Dataset excerpts Start Marker

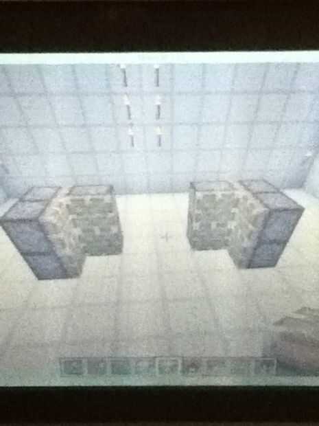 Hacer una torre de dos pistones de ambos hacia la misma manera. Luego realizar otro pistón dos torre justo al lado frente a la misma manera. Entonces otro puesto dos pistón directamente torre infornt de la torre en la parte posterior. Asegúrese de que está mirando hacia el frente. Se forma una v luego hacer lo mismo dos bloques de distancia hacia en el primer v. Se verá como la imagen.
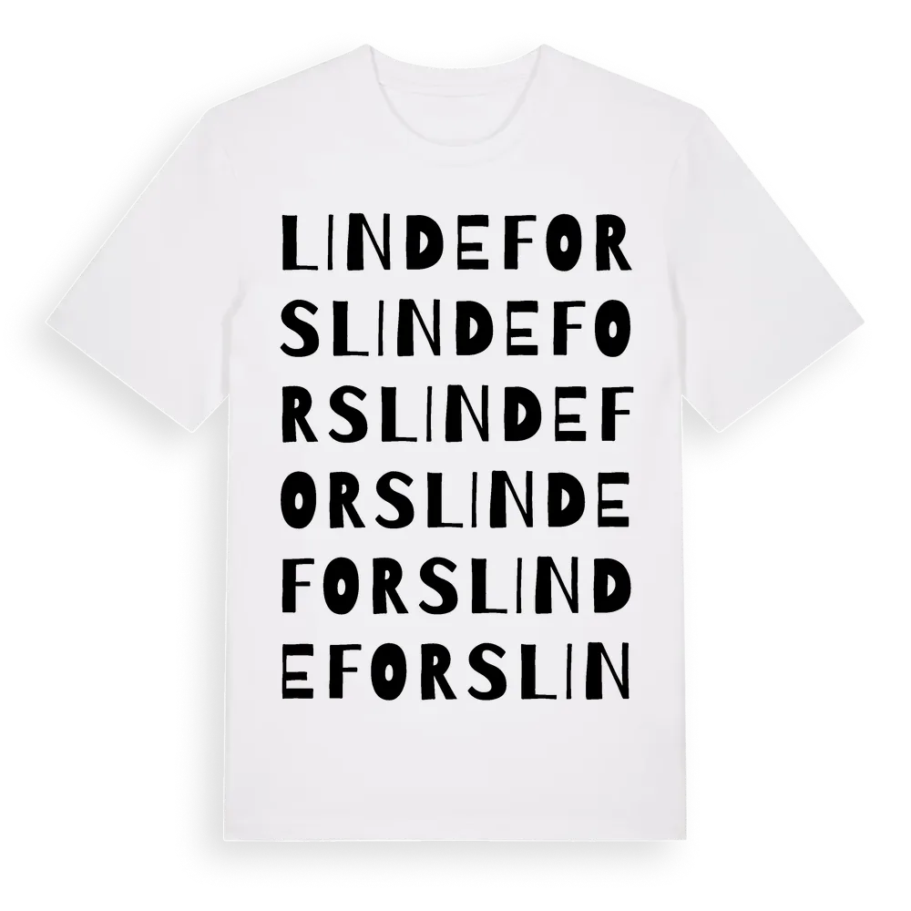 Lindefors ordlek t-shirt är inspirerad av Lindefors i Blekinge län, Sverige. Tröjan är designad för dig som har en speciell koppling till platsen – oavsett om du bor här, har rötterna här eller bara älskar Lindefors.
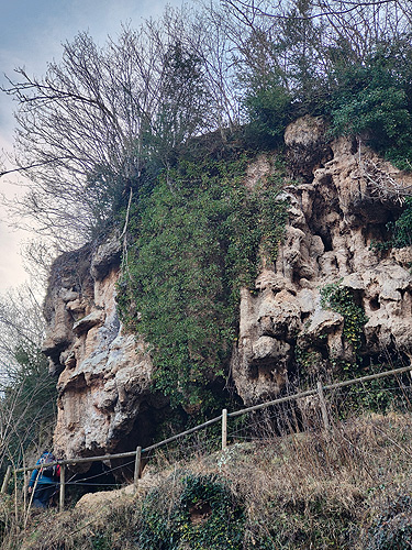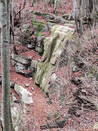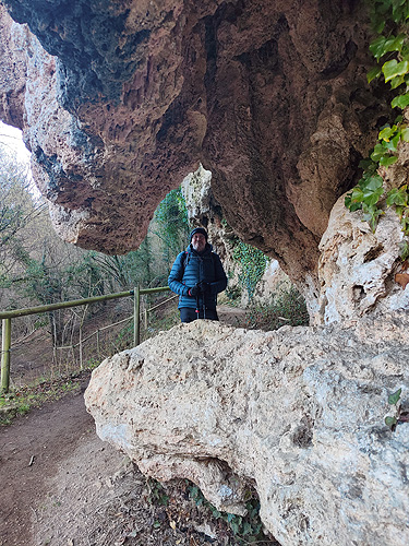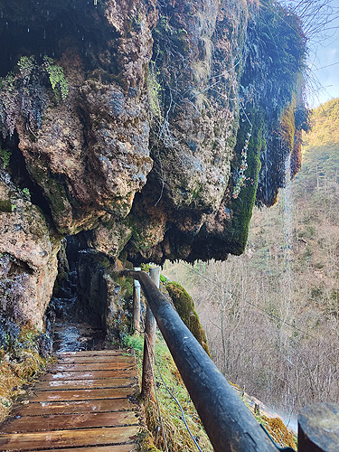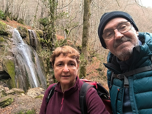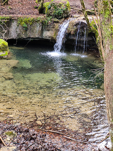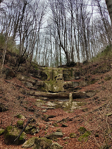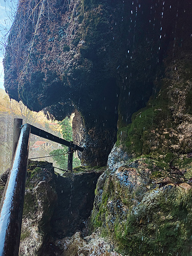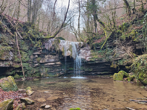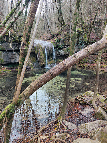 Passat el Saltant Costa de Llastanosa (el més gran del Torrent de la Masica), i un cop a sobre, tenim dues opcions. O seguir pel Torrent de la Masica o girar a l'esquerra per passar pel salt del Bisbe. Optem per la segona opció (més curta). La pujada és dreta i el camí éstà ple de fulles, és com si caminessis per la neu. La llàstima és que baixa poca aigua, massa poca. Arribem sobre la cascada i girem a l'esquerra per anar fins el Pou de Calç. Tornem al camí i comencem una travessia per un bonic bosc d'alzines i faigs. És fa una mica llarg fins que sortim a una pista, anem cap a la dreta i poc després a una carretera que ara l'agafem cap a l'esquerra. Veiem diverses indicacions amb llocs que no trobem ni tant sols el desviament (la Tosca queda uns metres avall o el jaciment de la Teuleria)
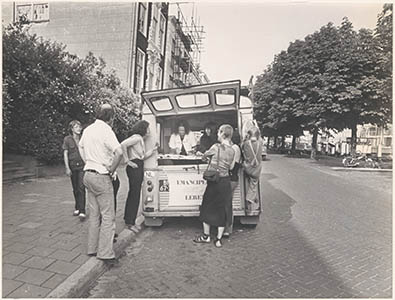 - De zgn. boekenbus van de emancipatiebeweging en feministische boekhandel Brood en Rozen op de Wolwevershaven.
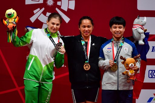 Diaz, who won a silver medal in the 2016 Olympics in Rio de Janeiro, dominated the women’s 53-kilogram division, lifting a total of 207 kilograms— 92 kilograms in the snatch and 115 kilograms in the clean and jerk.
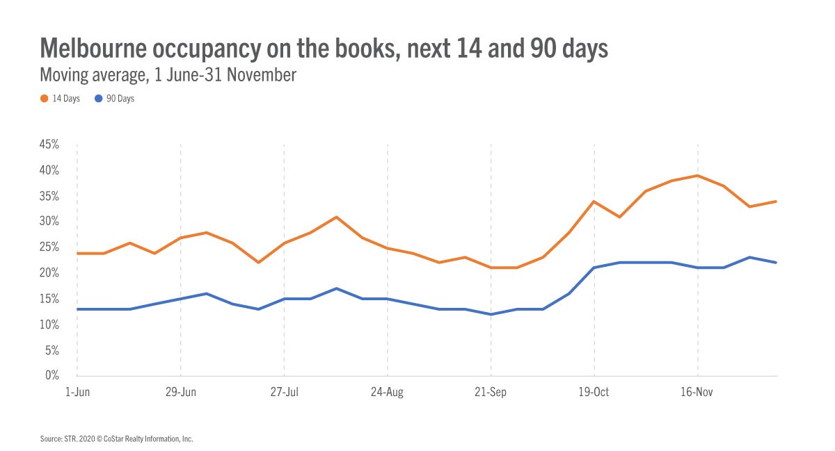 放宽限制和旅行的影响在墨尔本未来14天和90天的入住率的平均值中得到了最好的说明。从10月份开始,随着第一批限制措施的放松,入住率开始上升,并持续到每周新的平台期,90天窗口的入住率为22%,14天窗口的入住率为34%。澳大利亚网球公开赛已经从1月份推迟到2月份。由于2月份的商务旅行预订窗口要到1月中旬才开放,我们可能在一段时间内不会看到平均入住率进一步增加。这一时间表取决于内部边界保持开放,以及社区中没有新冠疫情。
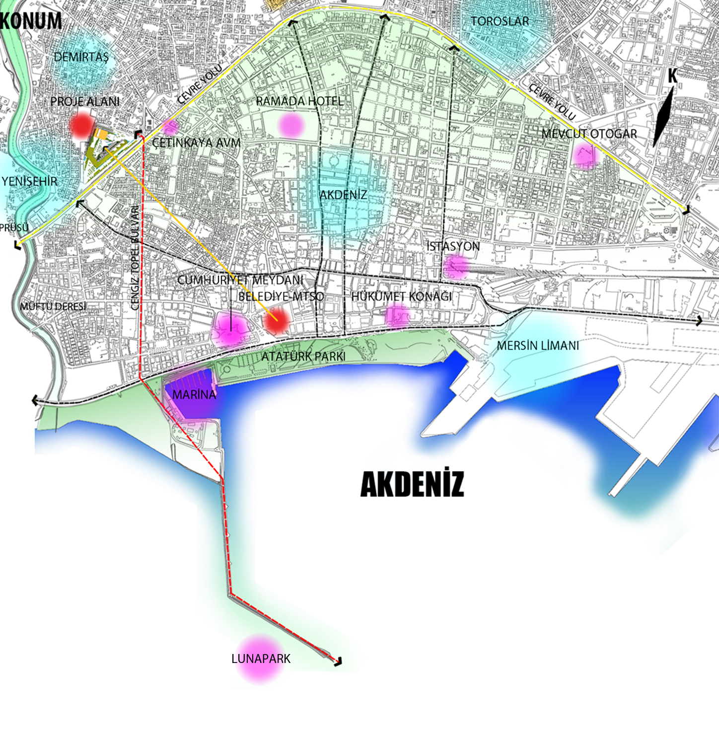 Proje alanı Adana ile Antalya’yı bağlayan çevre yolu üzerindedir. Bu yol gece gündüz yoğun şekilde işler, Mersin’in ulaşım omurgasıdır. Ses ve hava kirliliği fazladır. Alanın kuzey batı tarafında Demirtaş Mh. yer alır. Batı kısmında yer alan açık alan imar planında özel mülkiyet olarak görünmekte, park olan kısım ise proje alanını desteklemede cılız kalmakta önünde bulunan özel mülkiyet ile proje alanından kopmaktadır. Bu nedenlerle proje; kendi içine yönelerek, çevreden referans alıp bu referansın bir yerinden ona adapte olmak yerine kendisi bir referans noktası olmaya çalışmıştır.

Dataset excerpts End Marker

Exercise details | Your answer must be an exact copy of the records, minus any pictures.

Solution |
 Hacer una torre de dos pistones de ambos hacia la misma manera. Luego realizar otro pistón dos torre justo al lado frente a la misma manera. Entonces otro puesto dos pistón directamente torre infornt de la torre en la parte posterior. Asegúrese de que está mirando hacia el frente. Se forma una v luego hacer lo mismo dos bloques de distancia hacia en el primer v. Se verá como la imagen.
 Lindefors ordlek t-shirt är inspirerad av Lindefors i Blekinge län, Sverige. Tröjan är designad för dig som har en speciell koppling till platsen – oavsett om du bor här, har rötterna här eller bara älskar Lindefors.
 Passat el Saltant Costa de Llastanosa (el més gran del Torrent de la Masica), i un cop a sobre, tenim dues opcions. O seguir pel Torrent de la Masica o girar a l'esquerra per passar pel salt del Bisbe. Optem per la segona opció (més curta). La pujada és dreta i el camí éstà ple de fulles, és com si caminessis per la neu. La llàstima és que baixa poca aigua, massa poca. Arribem sobre la cascada i girem a l'esquerra per anar fins el Pou de Calç. Tornem al camí i comencem una travessia per un bonic bosc d'alzines i faigs. És fa una mica llarg fins que sortim a una pista, anem cap a la dreta i poc després a una carretera que ara l'agafem cap a l'esquerra. Veiem diverses indicacions amb llocs que no trobem ni tant sols el desviament (la Tosca queda uns metres avall o el jaciment de la Teuleria)
 - De zgn. boekenbus van de emancipatiebeweging en feministische boekhandel Brood en Rozen op de Wolwevershaven.
 Diaz, who won a silver medal in the 2016 Olympics in Rio de Janeiro, dominated the women’s 53-kilogram division, lifting a total of 207 kilograms— 92 kilograms in the snatch and 115 kilograms in the clean and jerk.
 放宽限制和旅行的影响在墨尔本未来14天和90天的入住率的平均值中得到了最好的说明。从10月份开始,随着第一批限制措施的放松,入住率开始上升,并持续到每周新的平台期,90天窗口的入住率为22%,14天窗口的入住率为34%。澳大利亚网球公开赛已经从1月份推迟到2月份。由于2月份的商务旅行预订窗口要到1月中旬才开放,我们可能在一段时间内不会看到平均入住率进一步增加。这一时间表取决于内部边界保持开放,以及社区中没有新冠疫情。
 Proje alanı Adana ile Antalya’yı bağlayan çevre yolu üzerindedir. Bu yol gece gündüz yoğun şekilde işler, Mersin’in ulaşım omurgasıdır. Ses ve hava kirliliği fazladır. Alanın kuzey batı tarafında Demirtaş Mh. yer alır. Batı kısmında yer alan açık alan imar planında özel mülkiyet olarak görünmekte, park olan kısım ise proje alanını desteklemede cılız kalmakta önünde bulunan özel mülkiyet ile proje alanından kopmaktadır. Bu nedenlerle proje; kendi içine yönelerek, çevreden referans alıp bu referansın bir yerinden ona adapte olmak yerine kendisi bir referans noktası olmaya çalışmıştır.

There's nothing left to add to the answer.